%%

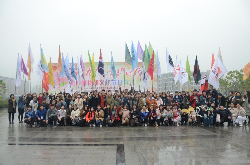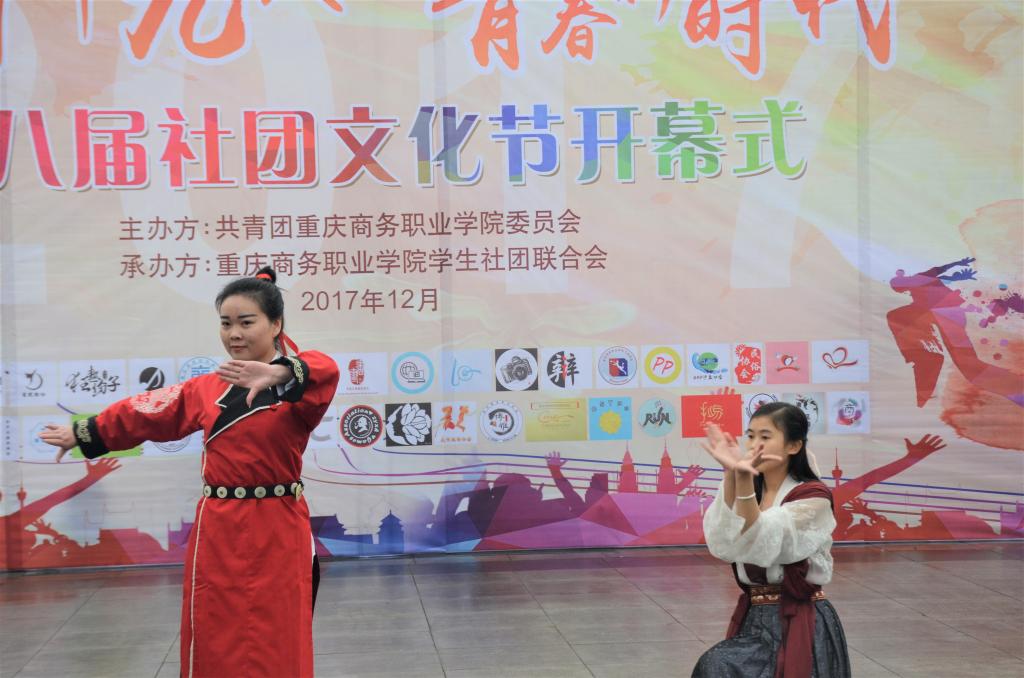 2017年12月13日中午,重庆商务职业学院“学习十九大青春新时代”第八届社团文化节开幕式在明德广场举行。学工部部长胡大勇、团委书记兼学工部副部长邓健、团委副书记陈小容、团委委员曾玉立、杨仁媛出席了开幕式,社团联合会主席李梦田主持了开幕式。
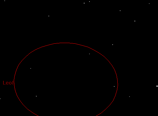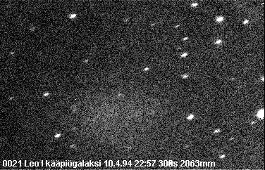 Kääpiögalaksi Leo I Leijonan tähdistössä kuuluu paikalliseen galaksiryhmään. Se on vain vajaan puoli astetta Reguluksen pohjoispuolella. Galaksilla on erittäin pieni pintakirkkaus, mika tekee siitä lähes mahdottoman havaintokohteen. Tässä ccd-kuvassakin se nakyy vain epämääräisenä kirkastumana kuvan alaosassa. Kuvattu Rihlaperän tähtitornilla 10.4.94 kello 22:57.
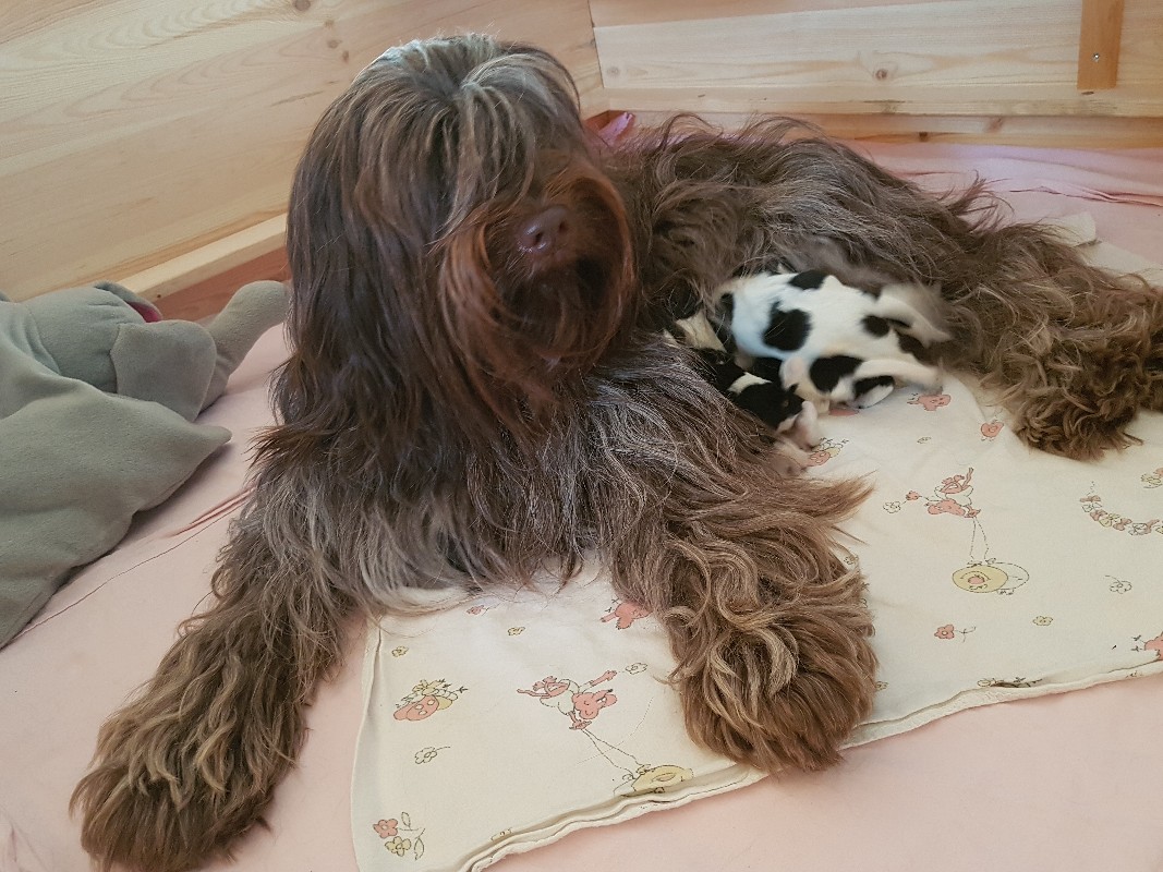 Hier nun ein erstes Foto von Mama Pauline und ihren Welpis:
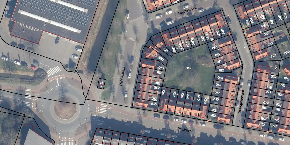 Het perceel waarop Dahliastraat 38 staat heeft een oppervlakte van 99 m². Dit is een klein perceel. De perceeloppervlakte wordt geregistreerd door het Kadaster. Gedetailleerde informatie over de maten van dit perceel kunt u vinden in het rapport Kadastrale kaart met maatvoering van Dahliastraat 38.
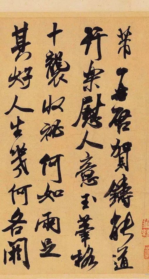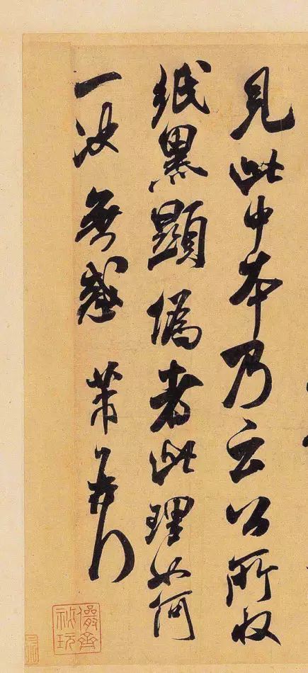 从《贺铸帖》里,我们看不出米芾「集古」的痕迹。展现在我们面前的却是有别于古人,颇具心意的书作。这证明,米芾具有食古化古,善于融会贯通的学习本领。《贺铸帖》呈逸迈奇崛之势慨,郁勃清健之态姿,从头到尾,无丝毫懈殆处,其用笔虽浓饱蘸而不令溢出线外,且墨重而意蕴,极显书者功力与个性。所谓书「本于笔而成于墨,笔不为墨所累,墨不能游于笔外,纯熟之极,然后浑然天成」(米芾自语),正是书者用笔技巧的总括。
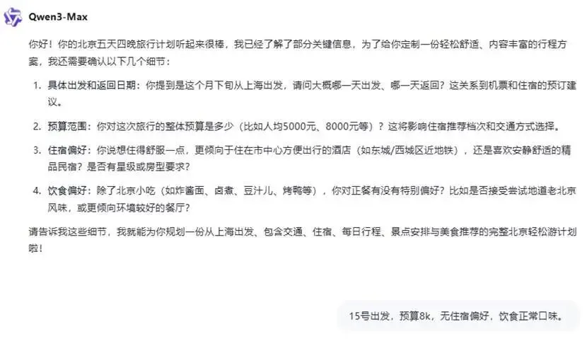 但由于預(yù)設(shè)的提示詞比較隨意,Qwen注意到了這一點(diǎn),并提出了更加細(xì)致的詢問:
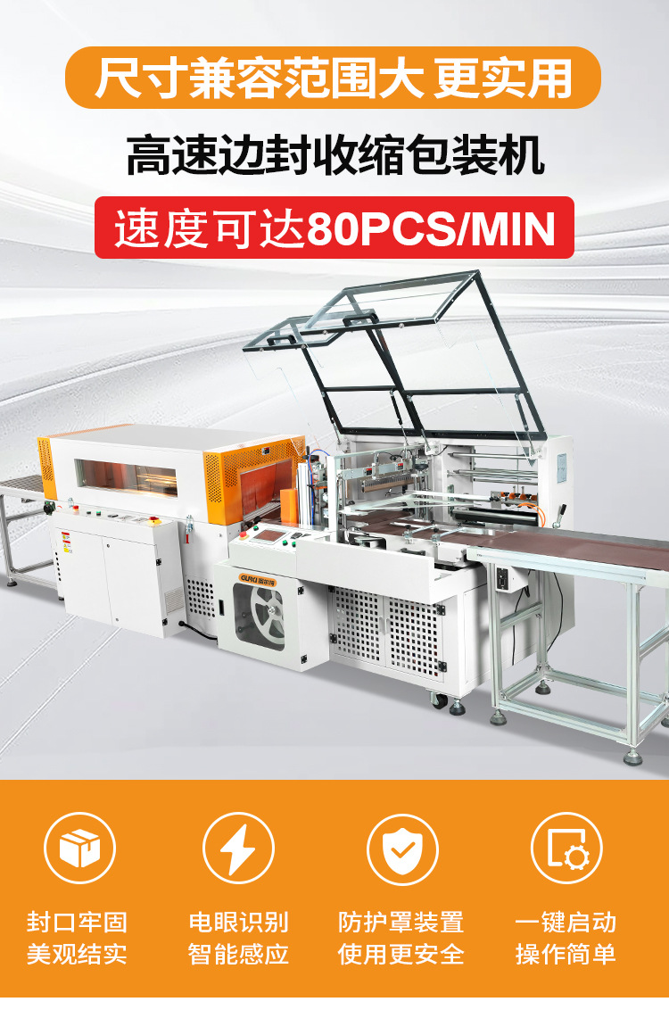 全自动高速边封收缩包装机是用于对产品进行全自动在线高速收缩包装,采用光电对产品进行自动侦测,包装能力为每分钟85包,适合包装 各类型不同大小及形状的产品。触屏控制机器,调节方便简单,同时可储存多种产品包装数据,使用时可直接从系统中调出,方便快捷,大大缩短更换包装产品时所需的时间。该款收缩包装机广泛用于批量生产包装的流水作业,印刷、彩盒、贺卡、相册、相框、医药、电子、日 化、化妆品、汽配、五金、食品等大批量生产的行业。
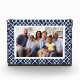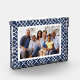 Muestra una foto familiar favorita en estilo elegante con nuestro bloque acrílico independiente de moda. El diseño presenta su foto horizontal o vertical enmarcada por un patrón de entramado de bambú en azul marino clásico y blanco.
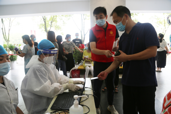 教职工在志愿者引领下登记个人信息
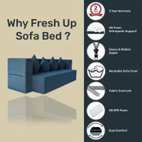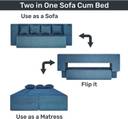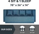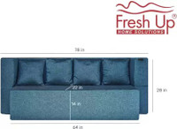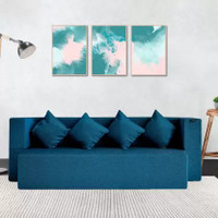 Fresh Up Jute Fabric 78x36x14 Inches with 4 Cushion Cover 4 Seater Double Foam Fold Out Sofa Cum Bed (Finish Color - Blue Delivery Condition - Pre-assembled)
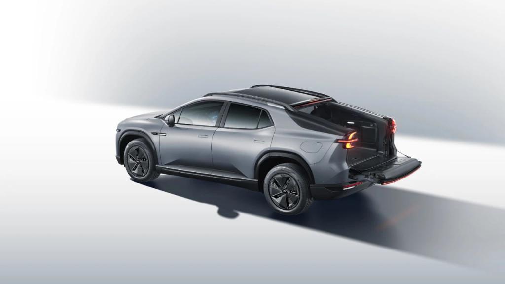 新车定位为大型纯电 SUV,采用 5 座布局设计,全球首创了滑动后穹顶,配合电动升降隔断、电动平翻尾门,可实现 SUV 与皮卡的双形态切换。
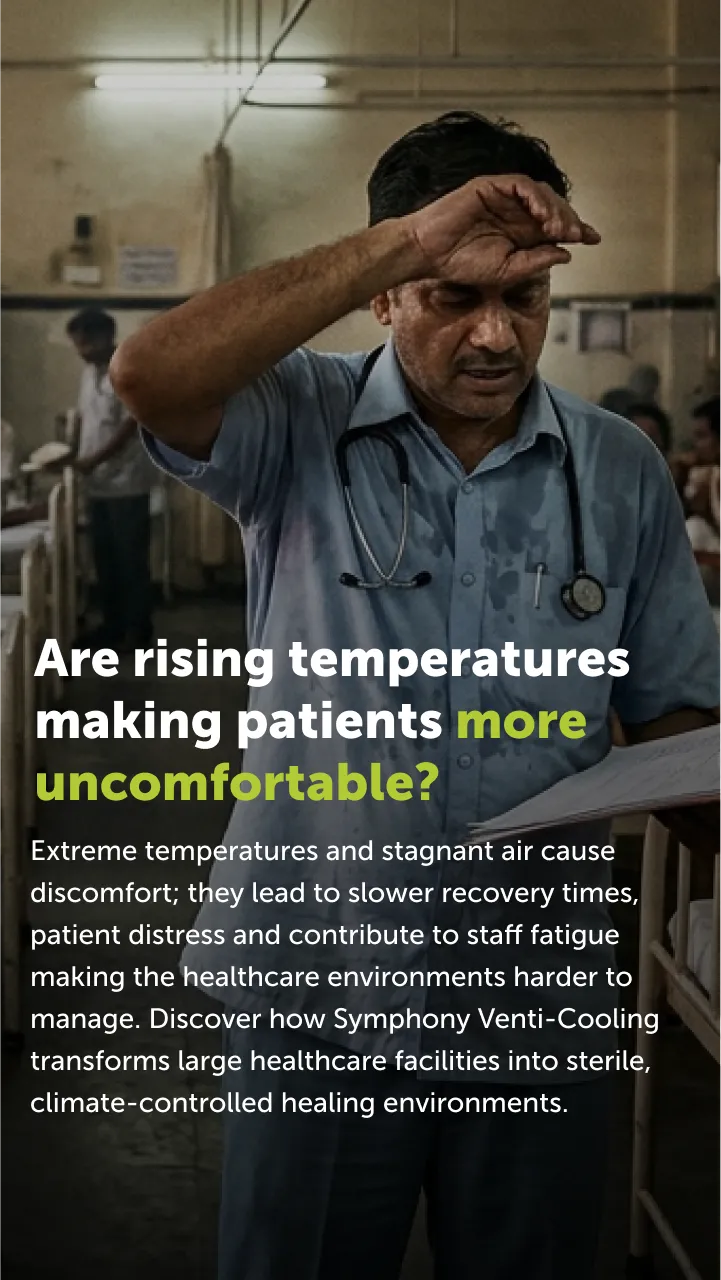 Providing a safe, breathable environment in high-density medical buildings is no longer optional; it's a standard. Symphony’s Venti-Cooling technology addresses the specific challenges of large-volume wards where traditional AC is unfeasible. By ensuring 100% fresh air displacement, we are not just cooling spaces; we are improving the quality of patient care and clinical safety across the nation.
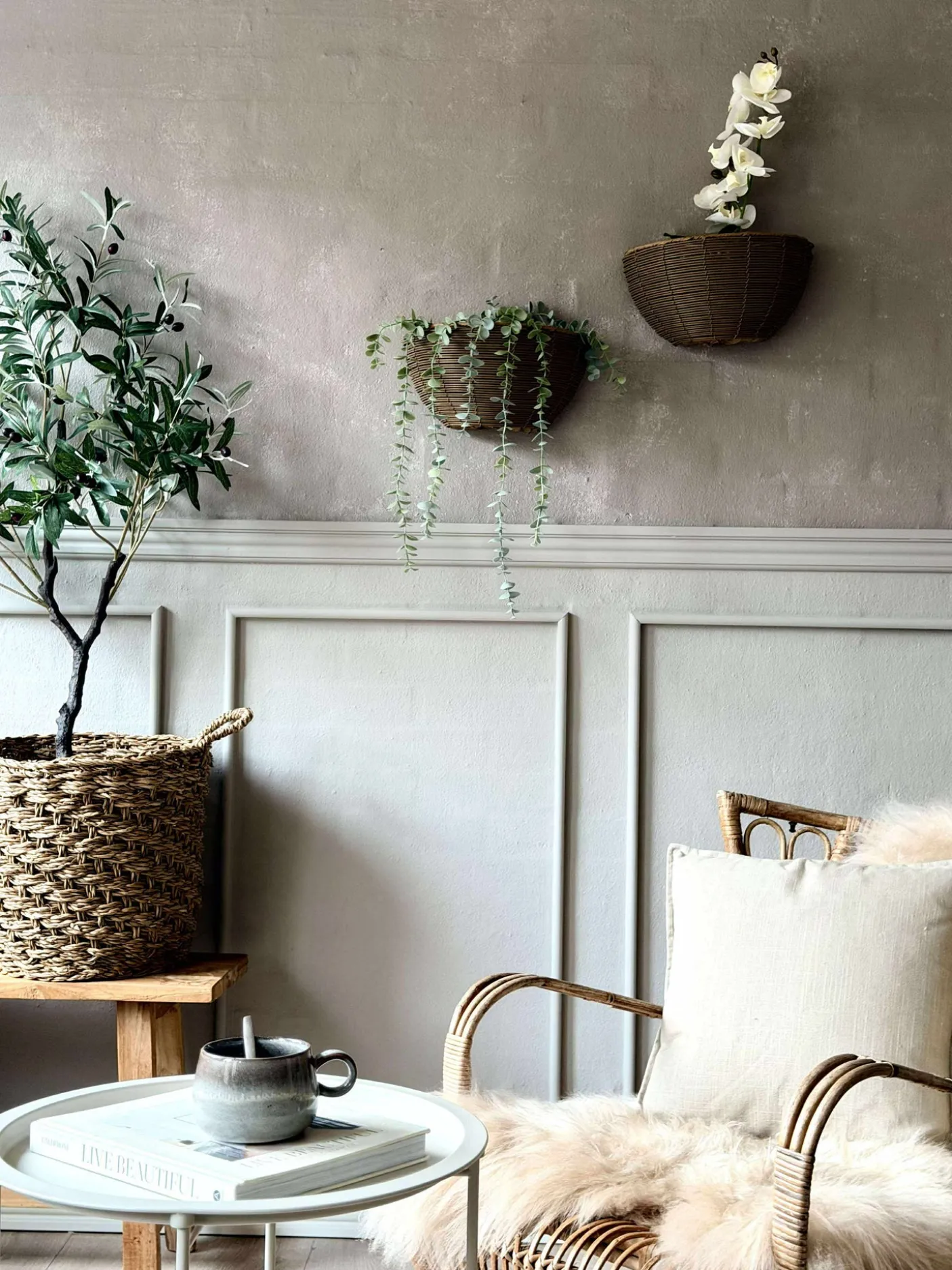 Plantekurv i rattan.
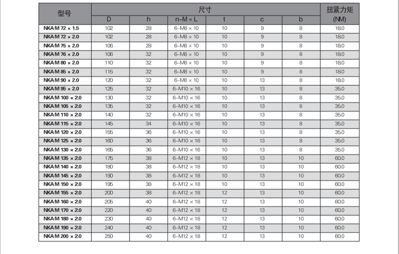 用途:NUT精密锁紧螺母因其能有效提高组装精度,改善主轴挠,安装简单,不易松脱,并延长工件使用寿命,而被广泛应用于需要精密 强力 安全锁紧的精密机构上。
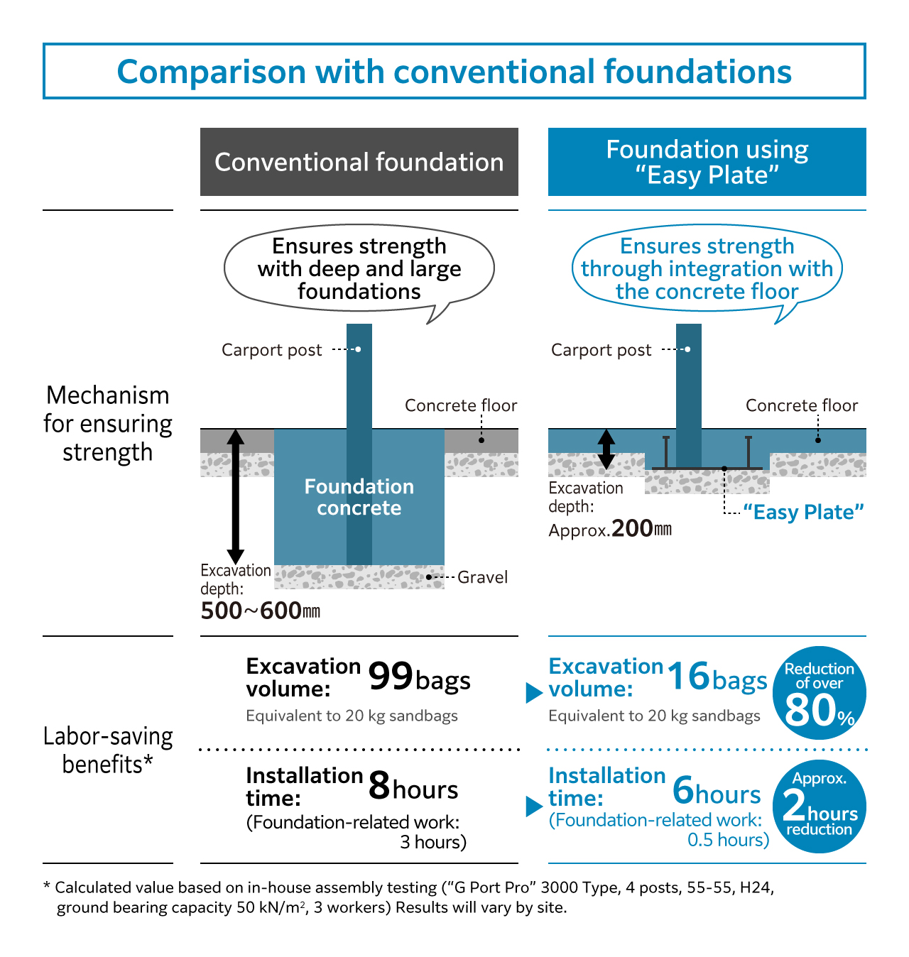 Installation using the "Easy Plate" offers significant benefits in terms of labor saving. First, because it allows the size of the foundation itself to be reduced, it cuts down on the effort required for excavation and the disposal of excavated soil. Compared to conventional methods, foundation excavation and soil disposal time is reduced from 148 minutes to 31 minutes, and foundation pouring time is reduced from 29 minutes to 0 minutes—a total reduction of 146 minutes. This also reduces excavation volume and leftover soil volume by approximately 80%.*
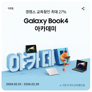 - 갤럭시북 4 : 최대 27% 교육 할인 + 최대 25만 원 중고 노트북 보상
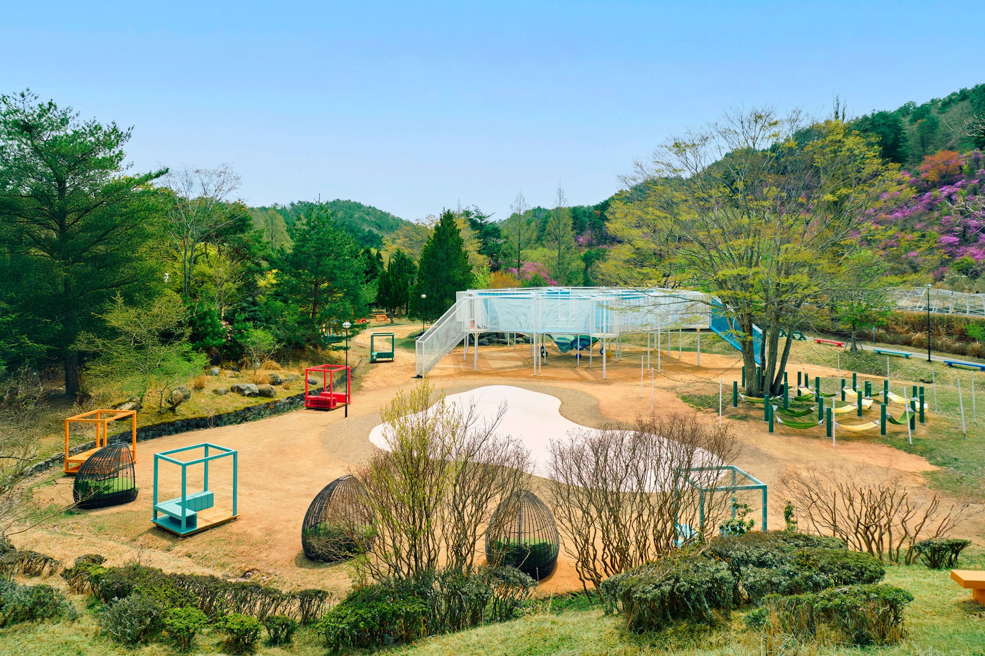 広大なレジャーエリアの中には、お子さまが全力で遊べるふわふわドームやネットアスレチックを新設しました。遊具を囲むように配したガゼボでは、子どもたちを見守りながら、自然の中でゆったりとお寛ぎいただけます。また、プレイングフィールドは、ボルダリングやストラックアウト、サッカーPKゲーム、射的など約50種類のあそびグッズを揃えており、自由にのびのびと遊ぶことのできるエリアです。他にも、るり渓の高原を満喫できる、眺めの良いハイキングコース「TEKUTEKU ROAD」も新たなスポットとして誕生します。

%%

▸ PROBLEM TO SOLVE
Repeat each entry above word for word, leaving every picture out.

▸ RESULT OF THE TASK
 2017年12月13日中午,重庆商务职业学院“学习十九大青春新时代”第八届社团文化节开幕式在明德广场举行。学工部部长胡大勇、团委书记兼学工部副部长邓健、团委副书记陈小容、团委委员曾玉立、杨仁媛出席了开幕式,社团联合会主席李梦田主持了开幕式。
 Kääpiögalaksi Leo I Leijonan tähdistössä kuuluu paikalliseen galaksiryhmään. Se on vain vajaan puoli astetta Reguluksen pohjoispuolella. Galaksilla on erittäin pieni pintakirkkaus, mika tekee siitä lähes mahdottoman havaintokohteen. Tässä ccd-kuvassakin se nakyy vain epämääräisenä kirkastumana kuvan alaosassa. Kuvattu Rihlaperän tähtitornilla 10.4.94 kello 22:57.
 Hier nun ein erstes Foto von Mama Pauline und ihren Welpis:
 Het perceel waarop Dahliastraat 38 staat heeft een oppervlakte van 99 m². Dit is een klein perceel. De perceeloppervlakte wordt geregistreerd door het Kadaster. Gedetailleerde informatie over de maten van dit perceel kunt u vinden in het rapport Kadastrale kaart met maatvoering van Dahliastraat 38.
 从《贺铸帖》里,我们看不出米芾「集古」的痕迹。展现在我们面前的却是有别于古人,颇具心意的书作。这证明,米芾具有食古化古,善于融会贯通的学习本领。《贺铸帖》呈逸迈奇崛之势慨,郁勃清健之态姿,从头到尾,无丝毫懈殆处,其用笔虽浓饱蘸而不令溢出线外,且墨重而意蕴,极显书者功力与个性。所谓书「本于笔而成于墨,笔不为墨所累,墨不能游于笔外,纯熟之极,然后浑然天成」(米芾自语),正是书者用笔技巧的总括。
 但由于預(yù)設(shè)的提示詞比較隨意,Qwen注意到了這一點(diǎn),并提出了更加細(xì)致的詢問:
 全自动高速边封收缩包装机是用于对产品进行全自动在线高速收缩包装,采用光电对产品进行自动侦测,包装能力为每分钟85包,适合包装 各类型不同大小及形状的产品。触屏控制机器,调节方便简单,同时可储存多种产品包装数据,使用时可直接从系统中调出,方便快捷,大大缩短更换包装产品时所需的时间。该款收缩包装机广泛用于批量生产包装的流水作业,印刷、彩盒、贺卡、相册、相框、医药、电子、日 化、化妆品、汽配、五金、食品等大批量生产的行业。
 Muestra una foto familiar favorita en estilo elegante con nuestro bloque acrílico independiente de moda. El diseño presenta su foto horizontal o vertical enmarcada por un patrón de entramado de bambú en azul marino clásico y blanco.
 教职工在志愿者引领下登记个人信息
 Fresh Up Jute Fabric 78x36x14 Inches with 4 Cushion Cover 4 Seater Double Foam Fold Out Sofa Cum Bed (Finish Color - Blue Delivery Condition - Pre-assembled)
 新车定位为大型纯电 SUV,采用 5 座布局设计,全球首创了滑动后穹顶,配合电动升降隔断、电动平翻尾门,可实现 SUV 与皮卡的双形态切换。
 Providing a safe, breathable environment in high-density medical buildings is no longer optional; it's a standard. Symphony’s Venti-Cooling technology addresses the specific challenges of large-volume wards where traditional AC is unfeasible. By ensuring 100% fresh air displacement, we are not just cooling spaces; we are improving the quality of patient care and clinical safety across the nation.
 Plantekurv i rattan.
 用途:NUT精密锁紧螺母因其能有效提高组装精度,改善主轴挠,安装简单,不易松脱,并延长工件使用寿命,而被广泛应用于需要精密 强力 安全锁紧的精密机构上。
 Installation using the "Easy Plate" offers significant benefits in terms of labor saving. First, because it allows the size of the foundation itself to be reduced, it cuts down on the effort required for excavation and the disposal of excavated soil. Compared to conventional methods, foundation excavation and soil disposal time is reduced from 148 minutes to 31 minutes, and foundation pouring time is reduced from 29 minutes to 0 minutes—a total reduction of 146 minutes. This also reduces excavation volume and leftover soil volume by approximately 80%.*
 - 갤럭시북 4 : 최대 27% 교육 할인 + 최대 25만 원 중고 노트북 보상
 広大なレジャーエリアの中には、お子さまが全力で遊べるふわふわドームやネットアスレチックを新設しました。遊具を囲むように配したガゼボでは、子どもたちを見守りながら、自然の中でゆったりとお寛ぎいただけます。また、プレイングフィールドは、ボルダリングやストラックアウト、サッカーPKゲーム、射的など約50種類のあそびグッズを揃えており、自由にのびのびと遊ぶことのできるエリアです。他にも、るり渓の高原を満喫できる、眺めの良いハイキングコース「TEKUTEKU ROAD」も新たなスポットとして誕生します。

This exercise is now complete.